## About this exercise
In the entries below, find the line with "除了 Premium 系列,Zoff" and the line with "Freshly remodeled and", then retype both and everything between them exactly. Do not copy the pictures.

## Data to examine
☆ ☆ ☆ ☆

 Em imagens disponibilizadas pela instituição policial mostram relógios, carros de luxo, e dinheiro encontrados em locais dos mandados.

☆ ☆ ☆ ☆

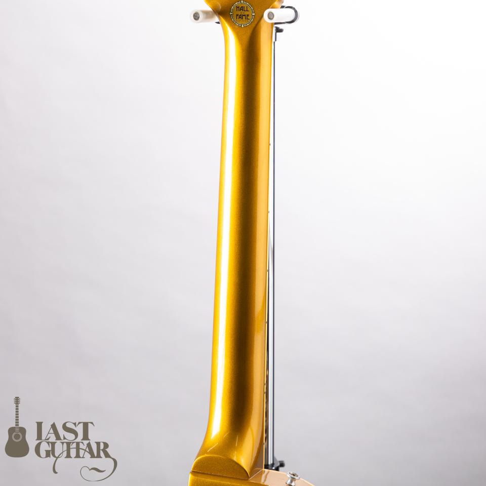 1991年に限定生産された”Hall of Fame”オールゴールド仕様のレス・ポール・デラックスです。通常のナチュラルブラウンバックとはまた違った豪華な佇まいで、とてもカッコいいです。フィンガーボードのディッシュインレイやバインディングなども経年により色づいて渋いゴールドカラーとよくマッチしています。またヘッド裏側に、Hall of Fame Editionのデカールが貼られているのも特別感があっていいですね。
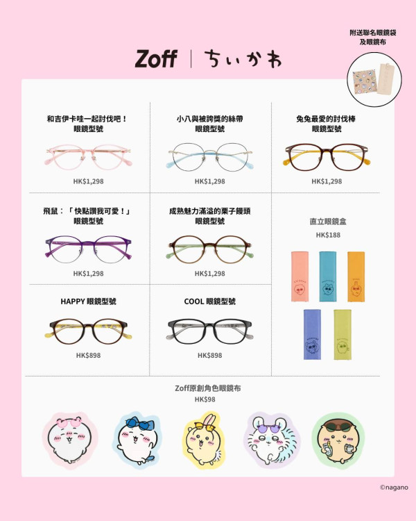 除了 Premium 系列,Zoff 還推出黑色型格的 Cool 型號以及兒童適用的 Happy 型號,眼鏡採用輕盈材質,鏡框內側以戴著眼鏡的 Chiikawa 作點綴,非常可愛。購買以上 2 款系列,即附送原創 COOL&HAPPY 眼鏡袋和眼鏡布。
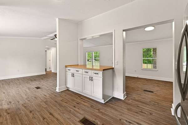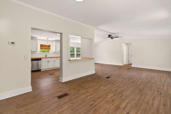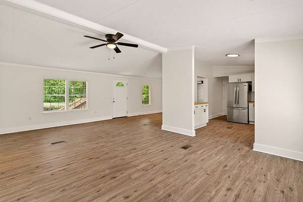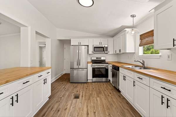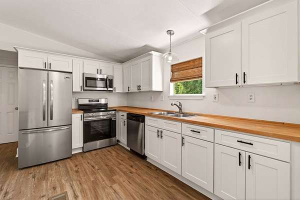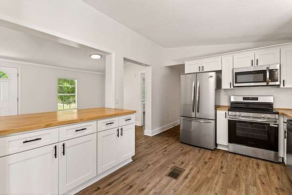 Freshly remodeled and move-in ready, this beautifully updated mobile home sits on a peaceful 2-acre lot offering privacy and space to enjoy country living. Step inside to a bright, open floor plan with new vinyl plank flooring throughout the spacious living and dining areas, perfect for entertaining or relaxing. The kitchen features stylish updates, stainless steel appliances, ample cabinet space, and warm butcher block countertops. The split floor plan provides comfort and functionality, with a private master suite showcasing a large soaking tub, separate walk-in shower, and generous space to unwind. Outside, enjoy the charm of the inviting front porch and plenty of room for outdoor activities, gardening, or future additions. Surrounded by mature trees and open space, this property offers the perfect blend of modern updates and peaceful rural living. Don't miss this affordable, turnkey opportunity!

☆ ☆ ☆ ☆

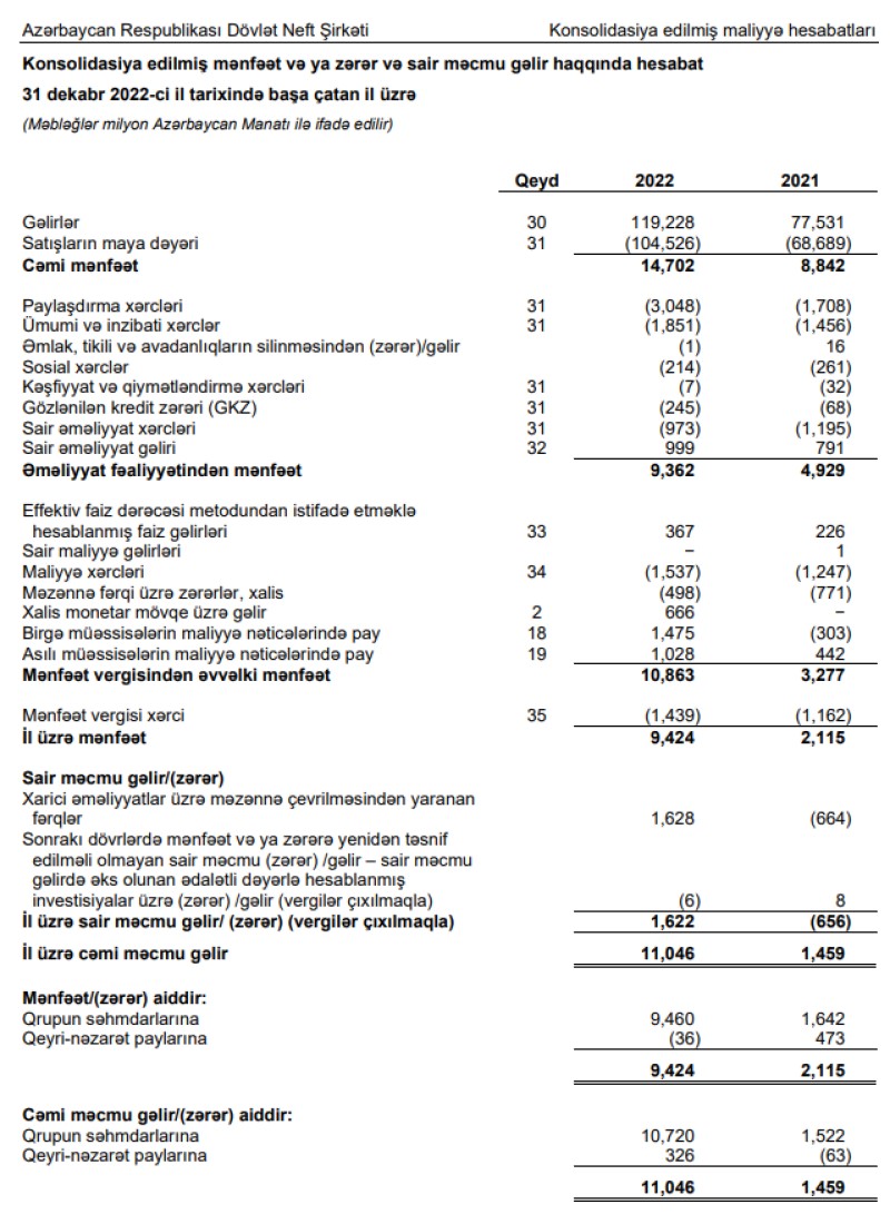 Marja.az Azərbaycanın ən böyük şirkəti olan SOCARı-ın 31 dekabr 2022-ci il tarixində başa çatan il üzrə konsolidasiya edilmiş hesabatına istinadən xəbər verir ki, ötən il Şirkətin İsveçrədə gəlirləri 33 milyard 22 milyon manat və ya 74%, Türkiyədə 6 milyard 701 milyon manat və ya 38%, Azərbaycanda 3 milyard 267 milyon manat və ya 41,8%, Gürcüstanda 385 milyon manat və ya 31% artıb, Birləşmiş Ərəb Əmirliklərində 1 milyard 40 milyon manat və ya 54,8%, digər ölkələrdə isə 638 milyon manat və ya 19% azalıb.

☆ ☆ ☆ ☆

## Result of this exercise
 除了 Premium 系列,Zoff 還推出黑色型格的 Cool 型號以及兒童適用的 Happy 型號,眼鏡採用輕盈材質,鏡框內側以戴著眼鏡的 Chiikawa 作點綴,非常可愛。購買以上 2 款系列,即附送原創 COOL&HAPPY 眼鏡袋和眼鏡布。
 Freshly remodeled and move-in ready, this beautifully updated mobile home sits on a peaceful 2-acre lot offering privacy and space to enjoy country living. Step inside to a bright, open floor plan with new vinyl plank flooring throughout the spacious living and dining areas, perfect for entertaining or relaxing. The kitchen features stylish updates, stainless steel appliances, ample cabinet space, and warm butcher block countertops. The split floor plan provides comfort and functionality, with a private master suite showcasing a large soaking tub, separate walk-in shower, and generous space to unwind. Outside, enjoy the charm of the inviting front porch and plenty of room for outdoor activities, gardening, or future additions. Surrounded by mature trees and open space, this property offers the perfect blend of modern updates and peaceful rural living. Don't miss this affordable, turnkey opportunity!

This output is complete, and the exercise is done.